How Trump can uncuff U.S. police
Despite the hue and cry from some, the election of Donald Trump as President will have a positive effect on policing and citizen safety in America. And it will not, in my opinion, decrease Americans’ civil rights.
I believe the No. 1 civil right is to be free from harm. Though broad historical trends remain positive, we’re in the midst of an increase in violent crime, and more Americans are now dying from drug overdoses than from automobile accidents.
With smart and aggressive local policing — encouraged by policies set by Washington, and by an example set by federal law enforcement — we can turn the tide.
For eight years, the Obama administration’s Department of Justice has waged a war on police. The focus has been on criminal justice reform instead of modeling intelligent strategies to push crime reduction.
The lead division in this war has been the DOJ’s Civil Rights Division. It has instituted brutality and bias investigations into and forced consent decrees upon 16 cities, including Seattle, Portland, Ore., New Orleans, Cleveland, Los Angeles and Albuquerque, N.M.
At least 20 departments are either under consent decrees with the federal government or negotiating one at the present time.
These decrees require independent monitors to oversee compliance with these federal court orders. (Previous administrations have used consent decrees, but under their watch, most disputes with police had been settled through nonbinding memorandums of understanding.)
This effort hasn’t gotten the attention it deserves, but I believe it has corroded the initiative and independence of local law enforcement.
The federal monitors appointed are often close associates of Justice officials with significantly less experience and expertise than the chiefs and commissioners they are overseeing. The process becomes a huge burden on city or county budgets, as taxpayers are forced to pay millions of dollars to monitors who have no time limit or specific benchmarks to achieve. An estimate from The Washington Post and “Frontline” estimated the total cost at upwards of $600 million.
The monitors’ mission is to advise the courts that the departments are in compliance with the court order. This subjective measure is solely at the discretion of the monitor, and the result is no incentive for them to report success.
The Obama administration has proudly trumpeted that they increased what are known as patterns-and-practices investigations of police departments by more than 50%. But there is no objective measure to demonstrate substantive change, and in many cases cities have suffered from exactly the types of incidents that the consent decree was designed to correct.
I am not suggesting that the use of monitors is per se a bad thing. The 1994 Violent Crime Control and Law Enforcement Act, which authorized patterns-and-practices investigations of police departments, was intended to fix brutal and prejudiced departments.
There are some. The problem is overreach.

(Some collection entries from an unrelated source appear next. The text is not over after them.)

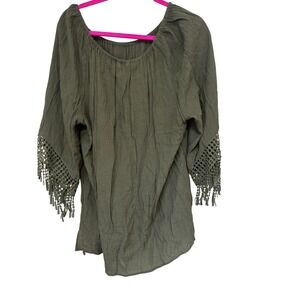Keywords: Plus size blouse, Olive green top, Crochet trim, Tassel blouse, Womens blouse, Relaxed fit, Bohemian style, EST. 1946, Size 18/20W, Tunic top, Casual blouse
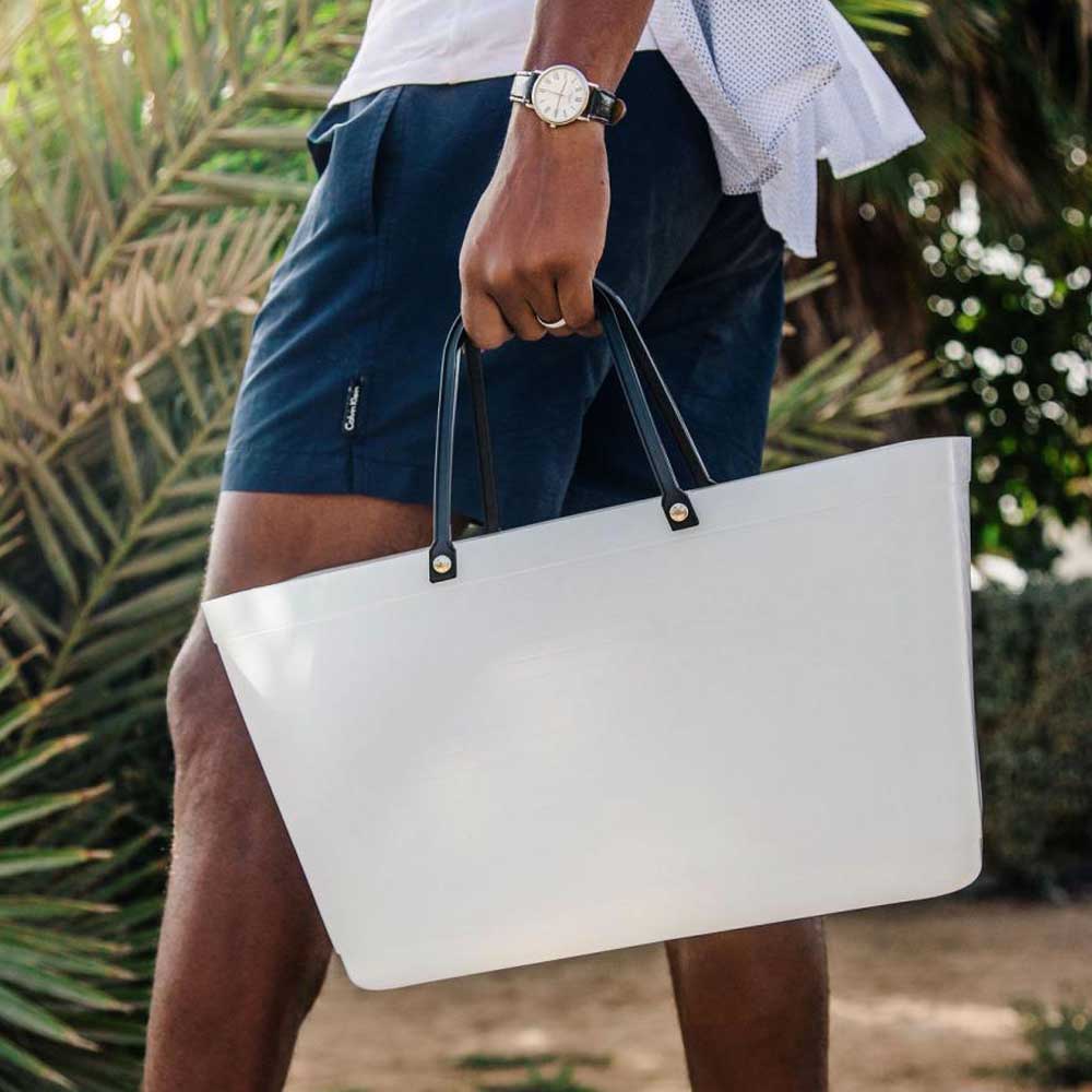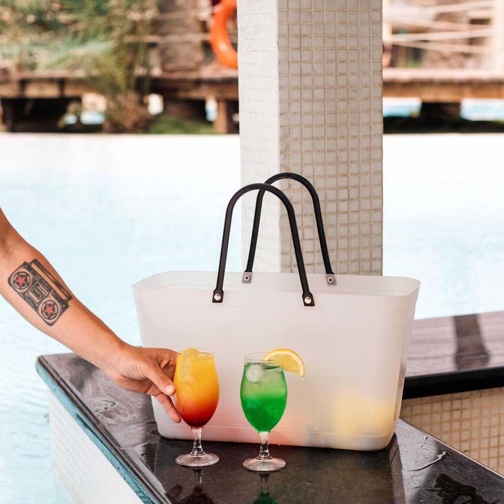 Den här Hinzaväskan är ett ännu mer klimatsmart val av väska eftersom den är tillverkad av återvunnen plast och med handtag av förnybar råvara. Självklart är väskan dessutom tillverkad i Sverige! Hinzaväskan är behagligt naturell till utseendet och semi-transparent. De matta mönsterliknande skiftningarna i ytan är egenskaper som tillkommit tack vare att materialet i väskan är återvunnet. Hinzaväskan är den ultimata varje-dag-väskan. Perfekt för picknick, träningskläder etc.Den är tålig, står stadigt och är lätt att hålla ren. Med innerväska eller överdrag som tillbehör blir väskan ännu mer användbar.
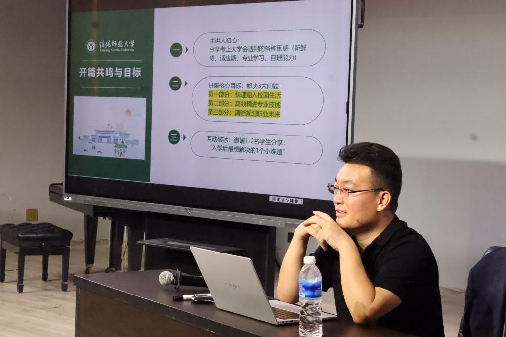 讲座伊始,肖宗恒博士指出,新生融入校园需从两方面入手:一方面,应将专业学习放在首位,合理安排时间,积极利用琴房、排练厅等专业资源,避免虚度宿舍时光,同时注重构建和谐的宿舍关系;另一方面,应客观看待专业基础上的差异,主动探索适合的学习方法,通过有效技巧缓解焦虑,并树立长远发展目标,避免短期行为。
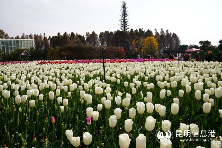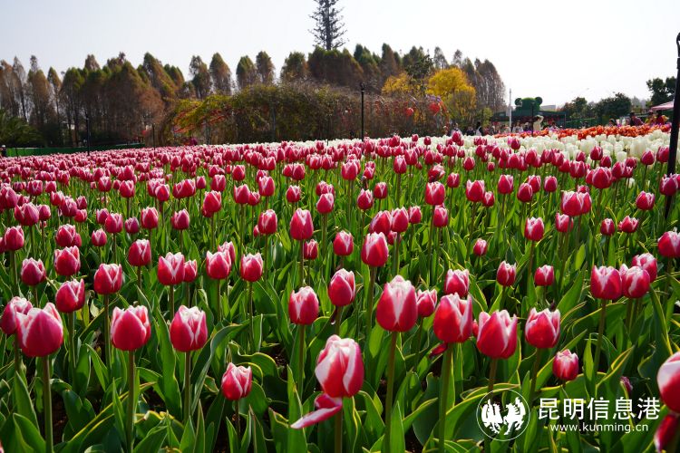 昆明信息港讯 记者杨雁 2月的昆明,哪里春深似海,哪里花海如潮,令人陶醉?位于昆明滇池国家旅游度假区捞渔河湿地公园内22个品种100万株的郁金香花海必定算是最佳花潮胜地之一。如今,园内的郁金香已进入盛花期,满园成为了彩色花海和散落的调色盘,美轮美奂。
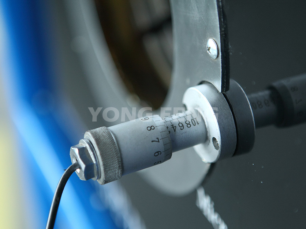 6. 取出扣壓好的膠管總成,用游標卡尺檢測扣壓后的接頭外套外徑尺寸,如與參數表不符應微調千分尺刻度,直到下一根膠管扣壓符合要求為止。
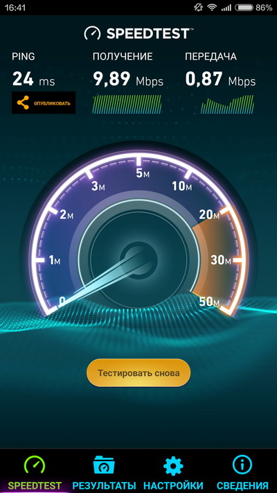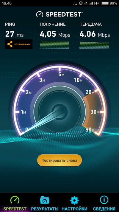 Тестирование мобильного Интернета - показатели в пределах нормы.

In my opinion, the following must be done to stop it.
First, create experience qualifications for monitors. Do not select a police chief who has supervised a small department of 20 to monitor a department of thousands. There are excellent small department chiefs, but there are light years of difference in the challenges faced by each. Second, create time limits and benchmarks for every monitor to meet, and put in place incentives for the monitor to bring the department into compliance.
Third, require the Department of Justice to regularly require inperson reports from the monitors to assess their progress.
Fourth, as the Civil Rights Division drafts consent decrees in the future, they must decrease the administrative burden on the departments they investigate. I have seen firsthand the mountains of paper that are required by, and often go unread by, monitors.
The public has a right to professional police who carry out their duties without prejudice or excessive force. They also have a right to a Justice Department whose focus is on reducing crime and saving lives.